The collection opens with “God Damn, How Real Is This?” a story about something called Communicative Time Travel, which allows people to communicate with their future selves. This mostly involves people receiving warnings and snide remarks from their future selves via text message. This story reminded me of Gary Shteyngart’s Super Sad True Love Story, but with a Lau twist that is unmistakably hers. The story is engaging and honest, especially at its funniest moments. Here’s one of the many humorous excerpts:

Two months ago, Wilson’s future self went silent. No texts or email. He concluded that his future self was dead, so his motto became carpe diem. He made a bucket list, which included things such as climb Mount Everest, learn Japanese and eat yogurt for the first time ever. Everest was a bust (summit, avalanche) and he’s lactose intolerant. I suspect this list could be the reason for his early demise, but I haven’t said anything because I don’t want to be a killjoy.

This technology-focused story is followed by another speculative story, “Two-Part Invention,” which is about a woman who decides to date dead guys. There’s no explanation of how dating a corpse or ghost works, or any implication that it is strange, which gives the story a magical realist quality. It opens with a simple, effective hook, “The neighbours who live in the apartment above mine are having loud sex.” Who wouldn’t want to keep reading?

Though Lau’s beginnings are strong, the endings of these stories sometimes feel a bit forced, or too easy. But the stories themselves are such perfect views into a life and a culture, and the language is so beautiful and the stories so unique, I became indifferent to these shortcomings.

After the first two stories, the speculative themes fade out of Lau’s fiction, and they become more realistic pieces about a diverse cast of Asian Canadians. At first this shift disappointed me, because I loved her imaginative stories—they were what initially drew me to her writing. But Lau’s brilliant prose and honest perspective into an unfamiliar world kept me reading.

“Rerun” is a more realistic story about an actress who is trying to figure out her place in her real-life family, and her on-screen pretend family. A pivotal moment is when the main character’s mother marries her fiancée and travels the world with him in a reality show where they go “all the places they always wanted to see but couldn’t because of their children.” These passing references to our media culture and digs at her characters are classic Lau. The reality show is strange, painful, and surreal, bringing back the otherworldly quality of some of the more speculative stories.

The theme of film and image is strong throughout the collection as well, something that complements Lau’s visual aesthetic. In “Writing in Light,” a screenwriter/photographer in NY is told by her professor, “writing and photography were the most similar of all the arts.”

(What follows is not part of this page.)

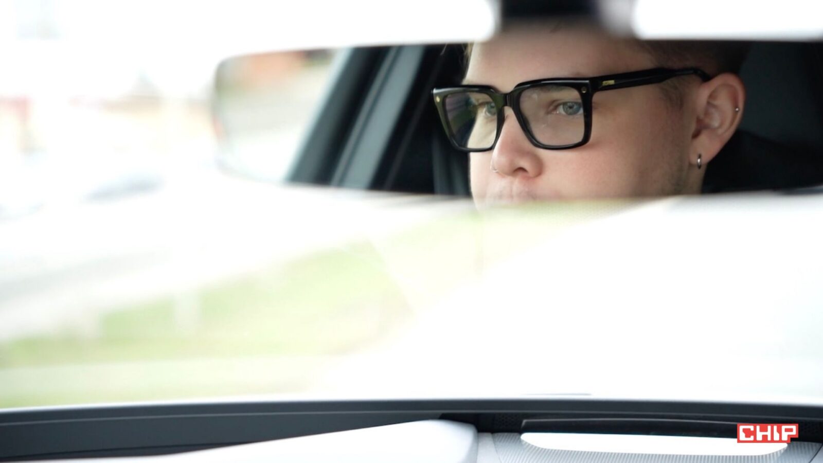 W nocy obraz jest bardzo jasny, co samo w sobie jest plusem, ale rośnie wrażliwość na oślepianie przez nadjeżdżające auta czy mocne światła w lusterkach. Za to ekrany w kabinie — zegary, centralny wyświetlacz, nawigacja — są w tych okularach najłatwiejsze do czytania. Bez przygaszenia, bez niespodzianek. Chciałbym też zaznaczyć, że w mojej bazowej parze okularów, które robiłem prywatnie blisko dwa lata temu, mam soczewki Vision Express Blue Cut z filtrem światła niebieskiego, który ma ograniczać wpływ światła emitowanego przez ekrany. To ważne dla kogoś, kto spędza przy wyświetlaczach większość dnia (dlatego właśnie się na nie zdecydowałem) ale za kierownicą to dopiero punkt startowy, a nie specjalistyczne rozwiązanie dla kierowcy.

In the same story, Lau writes, “photography is derived from a Greek word that translates to writing in light… I concluded that every art form was a way of telling a story—a record of a particular moment in time—even in cases where there was no discernible narrative.” This is exactly what a short story is. A record of a particular moment in time. Lau’s work possesses a sense of itself that is not overtly meta, but decidedly self-aware.

“Robot by the River” is another realistic story about a young woman learning to be alone in Vancouver while her boyfriend is away for school in London. This story is only twelve pages long, but spans a period of months effortlessly in a way that evokes Alice Munro’s ability to capture an entire life in the space of a short story—effectively recording a particular moment in time.

As I read on, my disappointment at the shift to realism became an understanding of what Lau was really getting at. The opening stories are a hook, much like the opening of “Two Part Intervention.” They pull you in, these wild, provocative ideas, and then Lau opens her heart and introduces you to her real story. Once the conceits of the first two stories are abandoned, it’s easier to see Lau’s subject raw and centre-stage.

These are stories about Asian Canadians: Chinese, Japanese, Korean, living their daily lives. Usually their race doesn’t drive the story, but sometimes it is brought into focus, like in “Little Miss International Goodwill,” which opens, “More than anything in the world, eight-year-old Clementine Wong wanted to be blonde when she grew up.” But she also wants to be a real Chinese girl like her sister. “She tried very hard to hold her chopsticks correctly so her parents would love her as much as they loved Constance.”

Though the stories in this collection aren’t all set in BC, they often centre around Vancouver’s Chinatown. The stories focus on the lives of a displaced Asian population dispersed across Canada and the world as they struggle to find their place in the cracks between cultures.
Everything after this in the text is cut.